Stored items from a collection |
■ ■ ■ ■ ■

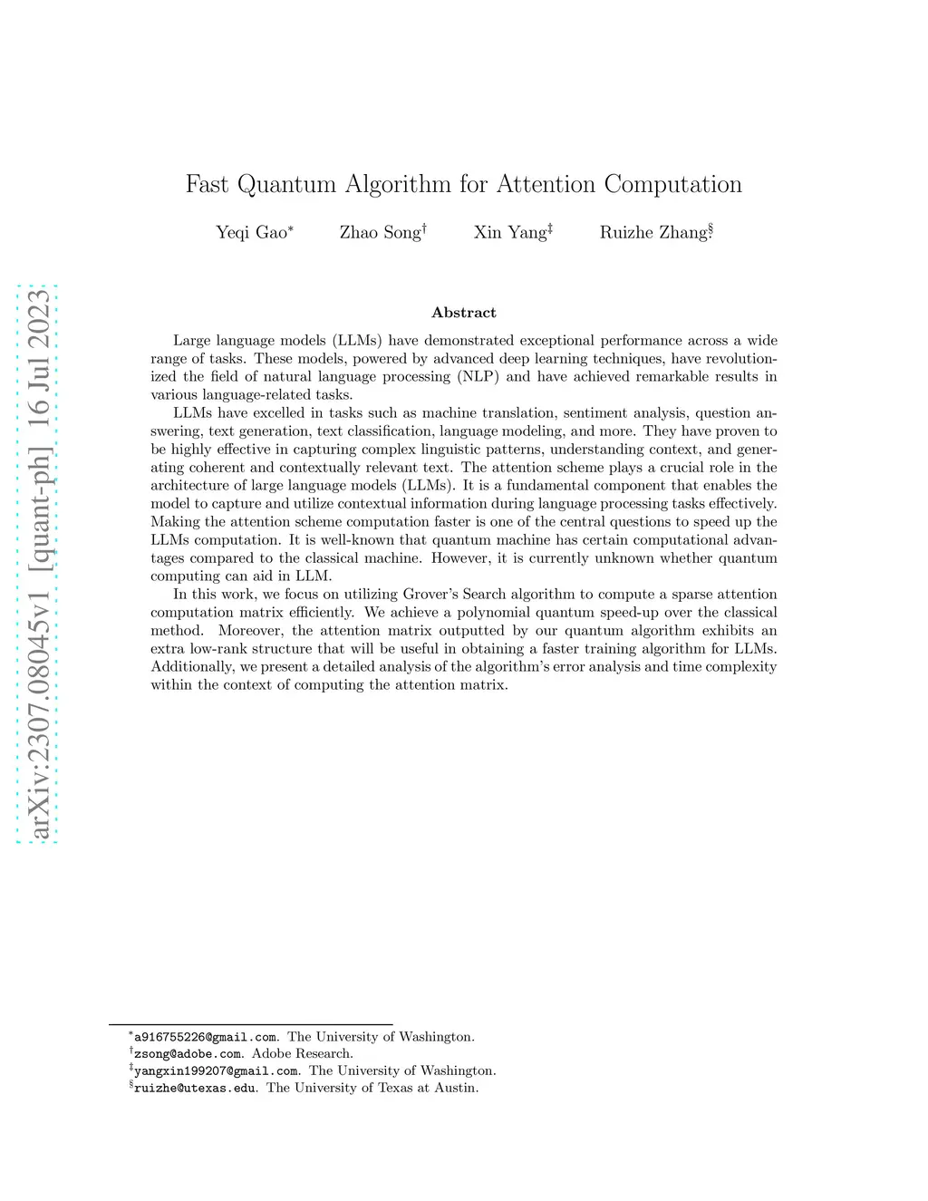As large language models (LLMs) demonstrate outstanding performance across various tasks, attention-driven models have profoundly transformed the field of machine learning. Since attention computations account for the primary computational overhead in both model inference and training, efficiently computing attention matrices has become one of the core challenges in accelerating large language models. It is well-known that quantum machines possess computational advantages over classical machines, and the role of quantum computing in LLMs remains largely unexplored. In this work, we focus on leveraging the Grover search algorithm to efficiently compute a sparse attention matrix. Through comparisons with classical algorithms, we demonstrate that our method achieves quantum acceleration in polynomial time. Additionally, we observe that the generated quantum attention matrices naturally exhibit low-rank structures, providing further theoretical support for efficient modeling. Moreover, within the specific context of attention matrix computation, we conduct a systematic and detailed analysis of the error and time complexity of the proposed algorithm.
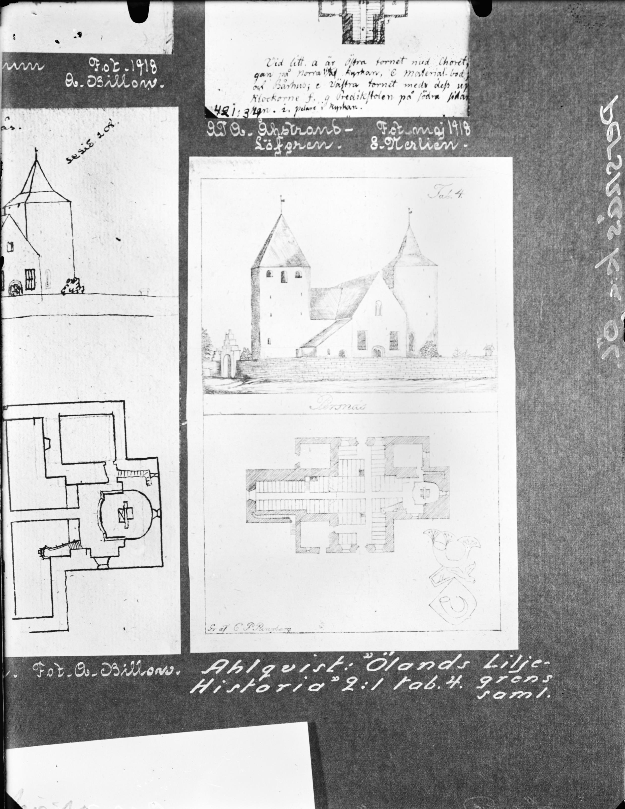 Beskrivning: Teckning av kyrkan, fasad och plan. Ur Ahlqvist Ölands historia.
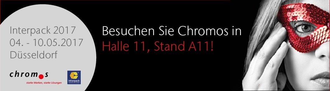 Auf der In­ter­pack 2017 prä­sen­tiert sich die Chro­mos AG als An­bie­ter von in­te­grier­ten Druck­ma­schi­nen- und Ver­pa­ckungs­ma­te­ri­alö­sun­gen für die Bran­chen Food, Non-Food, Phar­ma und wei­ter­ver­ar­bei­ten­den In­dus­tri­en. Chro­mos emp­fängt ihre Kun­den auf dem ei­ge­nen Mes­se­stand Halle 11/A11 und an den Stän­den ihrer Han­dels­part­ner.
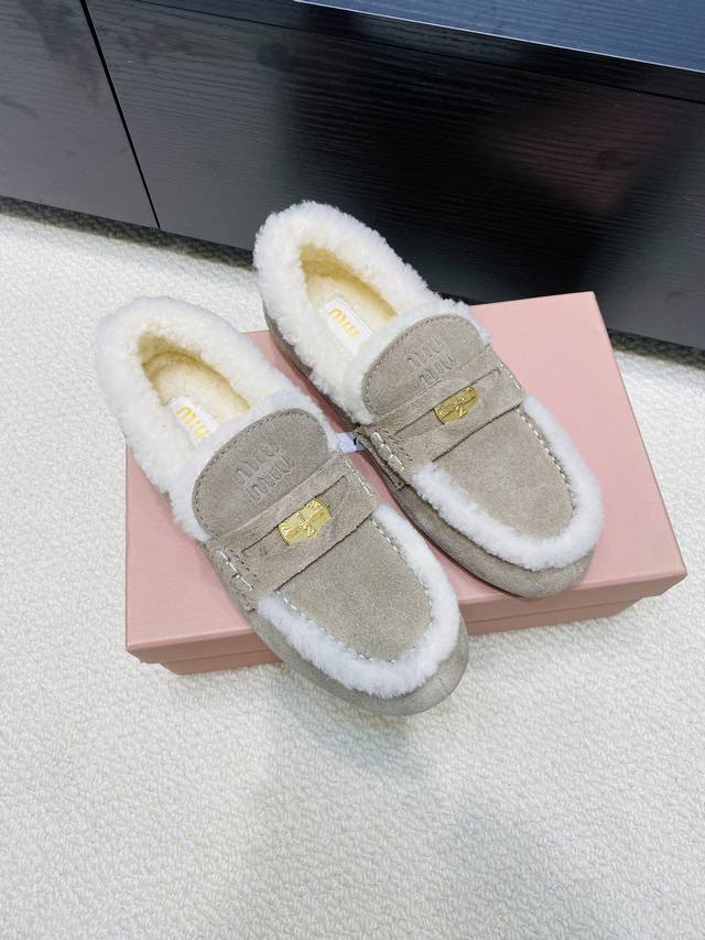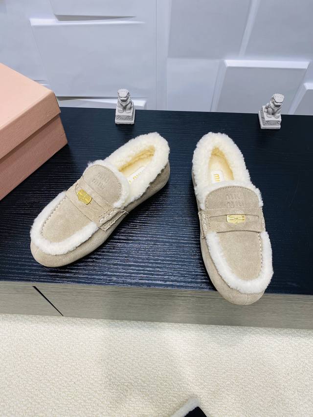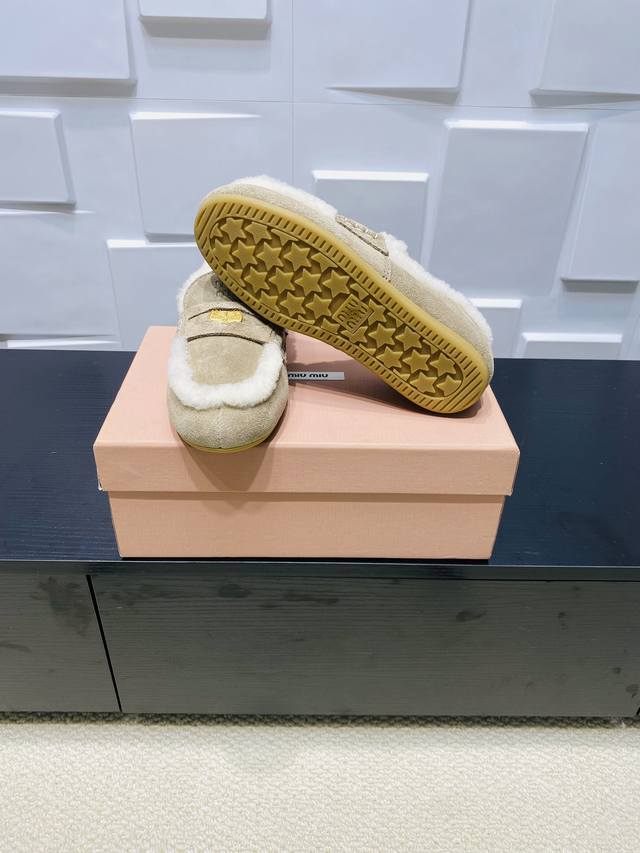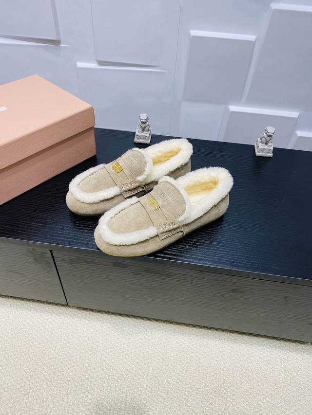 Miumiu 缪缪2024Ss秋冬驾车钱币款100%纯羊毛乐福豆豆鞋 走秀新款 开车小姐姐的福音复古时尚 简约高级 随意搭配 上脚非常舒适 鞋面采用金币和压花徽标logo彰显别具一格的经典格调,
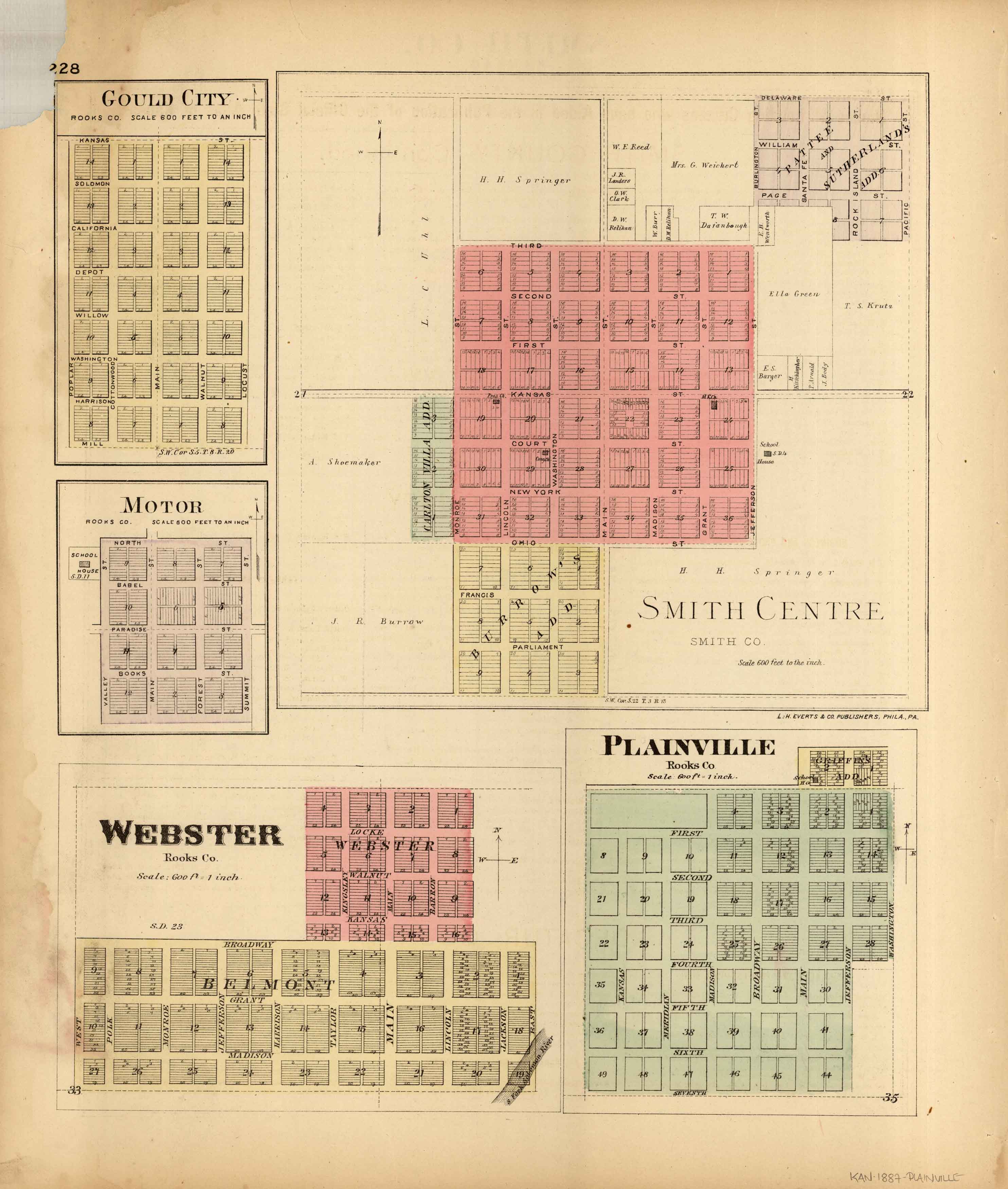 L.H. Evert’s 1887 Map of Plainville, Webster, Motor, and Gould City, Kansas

■ ■ ■ ■ ■

Directions |
Each record is to be copied word for word, with no images carried over.

Solution for this problem |
As large language models (LLMs) demonstrate outstanding performance across various tasks, attention-driven models have profoundly transformed the field of machine learning. Since attention computations account for the primary computational overhead in both model inference and training, efficiently computing attention matrices has become one of the core challenges in accelerating large language models. It is well-known that quantum machines possess computational advantages over classical machines, and the role of quantum computing in LLMs remains largely unexplored. In this work, we focus on leveraging the Grover search algorithm to efficiently compute a sparse attention matrix. Through comparisons with classical algorithms, we demonstrate that our method achieves quantum acceleration in polynomial time. Additionally, we observe that the generated quantum attention matrices naturally exhibit low-rank structures, providing further theoretical support for efficient modeling. Moreover, within the specific context of attention matrix computation, we conduct a systematic and detailed analysis of the error and time complexity of the proposed algorithm.
 Beskrivning: Teckning av kyrkan, fasad och plan. Ur Ahlqvist Ölands historia.
 Auf der In­ter­pack 2017 prä­sen­tiert sich die Chro­mos AG als An­bie­ter von in­te­grier­ten Druck­ma­schi­nen- und Ver­pa­ckungs­ma­te­ri­alö­sun­gen für die Bran­chen Food, Non-Food, Phar­ma und wei­ter­ver­ar­bei­ten­den In­dus­tri­en. Chro­mos emp­fängt ihre Kun­den auf dem ei­ge­nen Mes­se­stand Halle 11/A11 und an den Stän­den ihrer Han­dels­part­ner.
 Miumiu 缪缪2024Ss秋冬驾车钱币款100%纯羊毛乐福豆豆鞋 走秀新款 开车小姐姐的福音复古时尚 简约高级 随意搭配 上脚非常舒适 鞋面采用金币和压花徽标logo彰显别具一格的经典格调,
 L.H. Evert’s 1887 Map of Plainville, Webster, Motor, and Gould City, Kansas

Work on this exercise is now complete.